Problem description.
Keep the pictures out while you transcribe the listing below exactly.

Stored data.
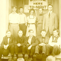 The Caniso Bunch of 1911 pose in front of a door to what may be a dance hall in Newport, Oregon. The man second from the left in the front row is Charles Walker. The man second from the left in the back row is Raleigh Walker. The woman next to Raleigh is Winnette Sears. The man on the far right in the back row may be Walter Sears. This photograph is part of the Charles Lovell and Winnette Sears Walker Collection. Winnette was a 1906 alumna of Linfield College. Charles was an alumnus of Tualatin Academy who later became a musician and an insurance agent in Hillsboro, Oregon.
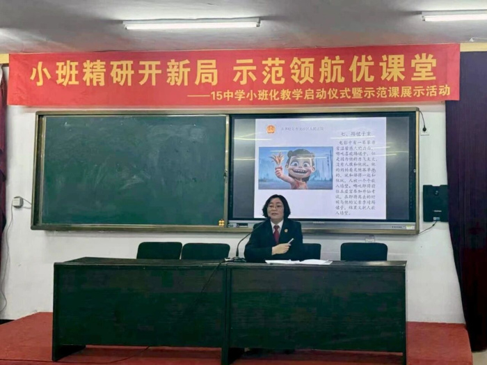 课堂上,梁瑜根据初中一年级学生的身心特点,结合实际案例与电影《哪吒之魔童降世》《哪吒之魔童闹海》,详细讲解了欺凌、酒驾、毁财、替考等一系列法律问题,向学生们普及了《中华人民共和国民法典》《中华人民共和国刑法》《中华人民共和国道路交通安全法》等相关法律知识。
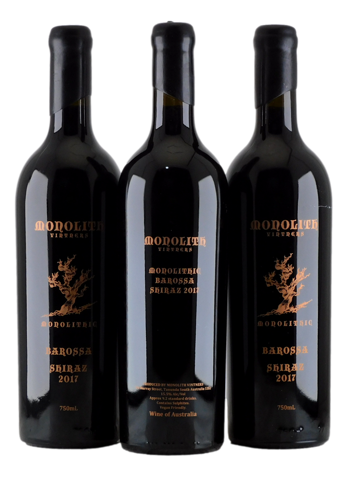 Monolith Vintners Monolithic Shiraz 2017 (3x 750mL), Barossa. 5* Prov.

Task output.
 The Caniso Bunch of 1911 pose in front of a door to what may be a dance hall in Newport, Oregon. The man second from the left in the front row is Charles Walker. The man second from the left in the back row is Raleigh Walker. The woman next to Raleigh is Winnette Sears. The man on the far right in the back row may be Walter Sears. This photograph is part of the Charles Lovell and Winnette Sears Walker Collection. Winnette was a 1906 alumna of Linfield College. Charles was an alumnus of Tualatin Academy who later became a musician and an insurance agent in Hillsboro, Oregon.
 课堂上,梁瑜根据初中一年级学生的身心特点,结合实际案例与电影《哪吒之魔童降世》《哪吒之魔童闹海》,详细讲解了欺凌、酒驾、毁财、替考等一系列法律问题,向学生们普及了《中华人民共和国民法典》《中华人民共和国刑法》《中华人民共和国道路交通安全法》等相关法律知识。
 Monolith Vintners Monolithic Shiraz 2017 (3x 750mL), Barossa. 5* Prov.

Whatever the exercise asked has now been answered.